What goes on in your head when you’re not watching? Be it in your daydreams or night dreams, what thoughts or sounds or images are swirling around in your grey matter? It’s one way to figure out which of our multiple intelligences tends to be our default one, the one that is wholly ours without our intention, the one we were born with and born to develop.

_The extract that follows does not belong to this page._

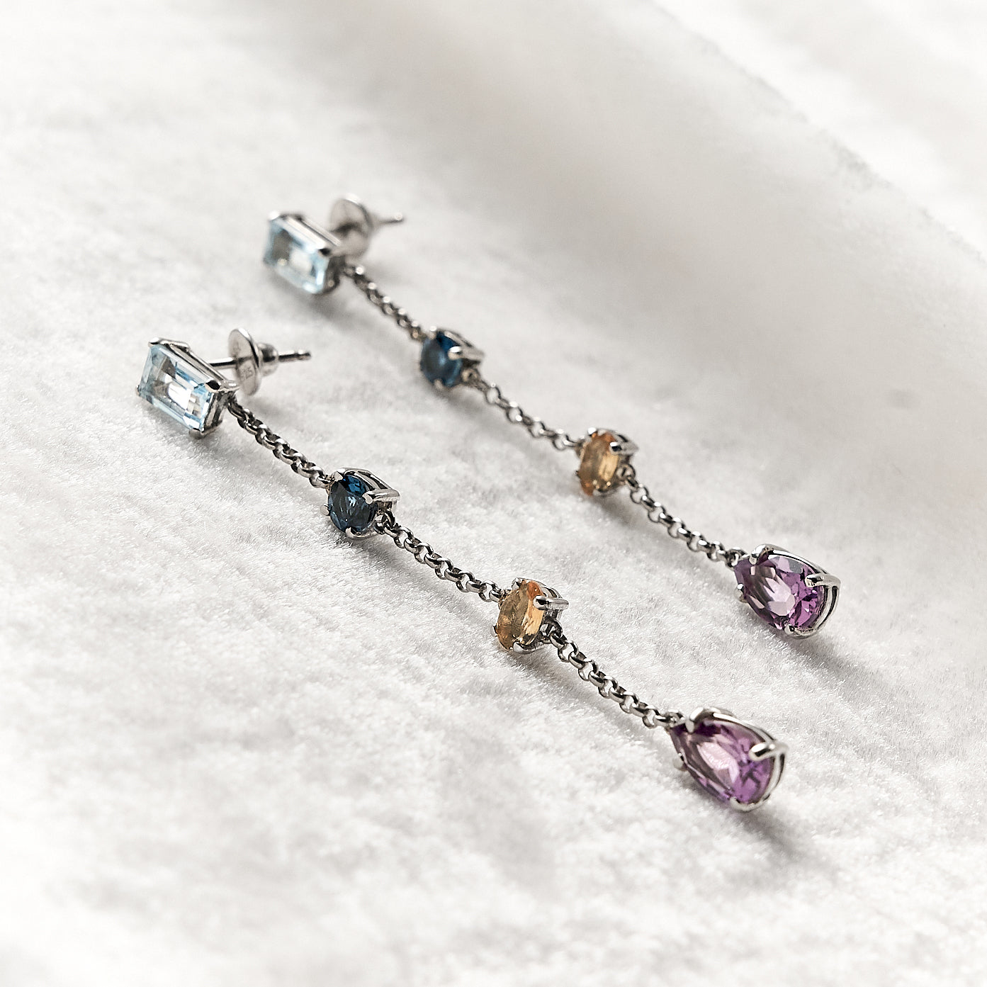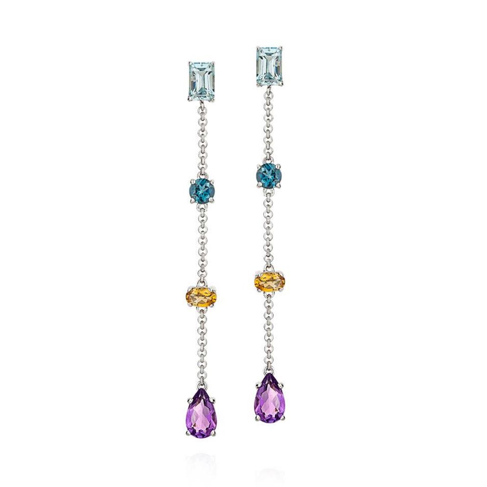 As gemas da coleção Colorful são verdadeiras expressões de beleza e vivacidade da natureza brasileira. Estes brincos reúnem uma curadoria luxuosa de pedras naturais, combinando diferentes formas e tonalidades para criar um espetáculo visual de luz e cor. A harmonia entre os tons de azul dos Topázios, o calor do Citrino e a profundidade da Ametista resulta em uma joia que ilumina o rosto com delicadeza e poder, sendo a escolha perfeita para mulheres que buscam exclusividade e design contemporâneo.

Stories abound of musicians hearing all the notes in their head before writing them down on paper, scientists solving mysteries with images that come to them in their dreams, writers that have perfectly formed sentences arrive that get them up in the middle of the night to jot them down on the nearest scrap of paper. It’s the way our unconscious “declares its major.”
When I first read Howard Gardner’s Theory of Multiple Intelligences, I was fascinated to discover that while my entire life was devoted to teaching music, I wasn’t actually a musician in this sense. Except for occasional earworms, I wasn’t walking around hearing music in my head. It seemed that the linguistic intelligence, my predilection with putting vague ideas into more articulate words and phrases, was really the dominant mode of engaging with the world.
And in a strange way, this was —and is— what made me a good music teacher. Being a “non-musician” who got as far as one can go with music as my “minor” rather than “major” helped make me more patient and tolerant for the kids and adults who likewise were not born to music. “Real” musicians often are notoriously impatient with their students who simply can’t hear things the way that they can and don’t have any strategies to enlarge the hearing and understanding of their pupils.
Feels like my legacy will be more about my ten books exploring those strategies, my talks and lectures, these blogposts rather than memorable musical compositions or recordings of inspired improvisations. The way I feel compelled to connect what goes on in the music classroom with greater issues of humanitarian communities, social justice and the soul’s work, all of which have fascinated me my whole life. Using my linguistic aptitudes to reveal, to shine light on, to express what other people feel but haven’t found the words for (a common and always-appreciated comment many have made about my writing).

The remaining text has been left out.